Rue20 Español/Madrid
Europa continúa bajo los efectos de una canícula que ha batido récords de temperatura en numerosos países y que, según la Organización Meteorológica Mundial (OMM), podría prolongarse durante al menos dos semanas más, con el foco desplazándose progresivamente hacia los Balcanes.
En el vecino ibérico, España, las altas temperaturas han provocado un importante impacto sobre la salud pública. De acuerdo con el Instituto de Salud Carlos III, la ola de calor ha causado 327 fallecimientos desde el pasado 21 de junio, mientras que el número total de muertes atribuidas al calor desde el inicio de la temporada de vigilancia, a mediados de mayo, asciende a 611.

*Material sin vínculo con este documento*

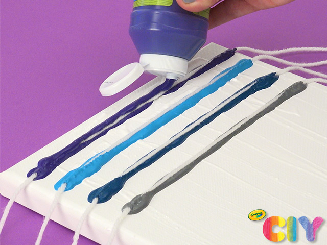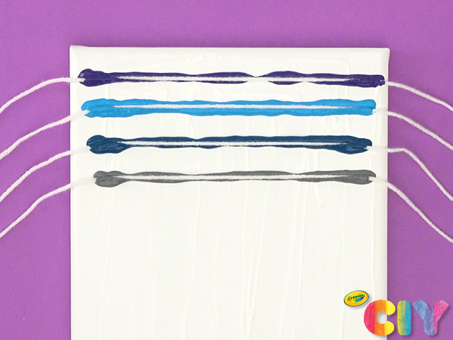 • The watered-down white paint helps the string glide around the canvas more smoothly. White paint should be smooth without being too runny.

El episodio ha dejado además registros históricos. Según la Agencia Estatal de Meteorología (AEMET), los días 22 y 23 de junio fueron los más calurosos de ese mes desde que comenzaron los registros nacionales en 1950. En el norte del país, el aeropuerto de Bilbao alcanzó nuevos récords tanto de temperaturas máximas diurnas como de mínimas nocturnas. Aunque la AEMET dio por concluida oficialmente la ola de calor en España, las temperaturas extremas continúan afectando a gran parte del continente.
La Organización Meteorológica Mundial advirtió que la exposición prolongada al calor, especialmente cuando las temperaturas nocturnas permanecen elevadas, incrementa considerablemente el riesgo para la salud. La Organización Mundial de la Salud (OMS) recuerda que las personas mayores, los niños, las mujeres embarazadas, los trabajadores al aire libre y quienes padecen enfermedades crónicas son los colectivos más vulnerables, aunque el estrés térmico puede afectar a cualquier persona durante episodios extremos.
Francia también atraviesa una situación excepcional. El país registró el 24 de junio el día más caluroso de su historia, con una temperatura media superior a los 30 grados durante 24 horas por primera vez. Asimismo, la localidad de Palluau alcanzó los 43,8 grados centígrados, mientras que las autoridades informaron de 40 fallecimientos por ahogamiento en la última semana, relacionados con el aumento de personas que buscaron refugio del calor en ríos y otras zonas de baño.
Las altas temperaturas también han llevado a Bélgica a activar una alerta por calor, mientras que Alemania y Suiza han decretado alertas rojas en numerosas ciudades, entre ellas Berlín, Fráncfort, Colonia, Ginebra, Basilea y Zúrich, ante la previsión de que el episodio de calor extremo continúe durante los próximos días.
Las autoridades meteorológicas y sanitarias europeas mantienen el llamamiento a la población para extremar las medidas de prevención frente a las altas temperaturas, evitar la exposición prolongada al sol, mantenerse hidratados y prestar especial atención a los grupos más vulnerables.